NIH Research Projects · FY 2025 · 2025-09

Alcohol use disorders is a complex polygenic disease. Cell-type specific data from medial prefrontal cortex (mPFC) from alcohol-dependent mice shows dysregulated gene co-expression networks and transcription factors. This proposal tests the hypothesis that genetic rescuing of dependence-dysregulated gene regulatory networks and co-expression modules will result in reversing escalated alcohol use. The proposal tests this hypothesis in three specific aims: Aim 1 (K99): To test the effect of genetic rescuing an astrocytic dependence-upregulated gene co-expression module on escalated alcohol drinking through performing parallel perturbations of the top connected hub genes of the module.

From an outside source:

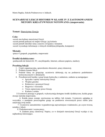 Marta Stępka, Szkoła Podstawowa w Jaśkach. SCENARIUSZ LEKCJI HISTORII W KLASIE IV Z ZASTOSOWANIEM METODY KREATYWNEGO NOTOWANIA (mapowania) Temat: Starożytna Grecja Cele: -uczeń zna kulturę starożytnej Grecji -uczeń potrafi pokazać na mapie Grecję i jej kolonie -uczeń potrafi określać ramy czasowe związane z tematem -uczeń wyszukuje informacje z różnych źródeł(encyklopedia, komputer) Metody: -praca w grupach, pogadanka, mapowanie Środki dydaktyczne: -podręcznik do historii kl. IV, encyklopedie, Internet, arkusze papieru, markery Przebieg lekcji: 1. Część organizacyjna, sprawdzenie obecności, pracy domowej. 2. Podanie tematu lekcji. 3. Podział klasy na grupy(np. uczniowie dobierają się na podstawie podobieństw kolorystycznych w ubraniach). 4. Przedstawiciel każdej z grup losuje karteczkę z zadaniem, zadania są następujące: • Igrzyska i sporty starożytnej Grecji • Wojsko greckie • Rolnictwo i przemysł Grecji • Bogowie i wierzenia • Teren zajmowany przez Grecję • Kultura i sztuka 5.Uczniowie pracują w grupach, wykorzystują dostępne środki dydaktyczne, każda grupa stosuje metodę mapowania. 6. Każda praca zostaje zawieszona na tablicy lub ścianie. Uczniowie oglądają je wszystkie, a następnie poszczególne grupy na podstawie stworzonych przez siebie prac omawiają swój temat. 7. Uczniowie samodzielnie wypunktowują najważniejsze wiadomości, po czym tworzą notatkę z lekcji. 8. Podsumowanie i ocena pracy. 9. Zadanie pracy domowej: Napisz, co w dziejach starożytnej Grecji wydaje ci się najbardziej interesujące.

This aim will assess the contribution of gene co-expression modules to alcohol drinking phenotype; Aim 2 (K99): To identify cell-type specific dependence-dysregulated chromatin accessibility and gene regulatory networks. This aim will allow for the (a) construction of cell type-specific gene regulatory networks through connecting cell type-specific chromatin accessibility to gene expression data in alcohol-dependent and control samples, allowing for the identification of alcohol-dysregulated gene regulatory networks, Aim3 (R00): To reverse alcohol escalation through rescuing alcohol-dysregulated gene regulatory networks. This aim performs global non cell-type specific perturbation of a set of transcription factors in alcohol-dependent mice followed by characterization of the resulting changes in alcohol-drinking phenotypes. Dr. Nihal Salem’s goal is to be an independent researcher in the field of alcohol research and to develop a research program that spans genomics, bioinformatics, and functional studies linking transcriptomics to alcohol drinking phenotypes. This proposal outlines a research and training plan to provide Dr. Salem with two years of mentored postdoctoral training and three years of support to start her independent research direction.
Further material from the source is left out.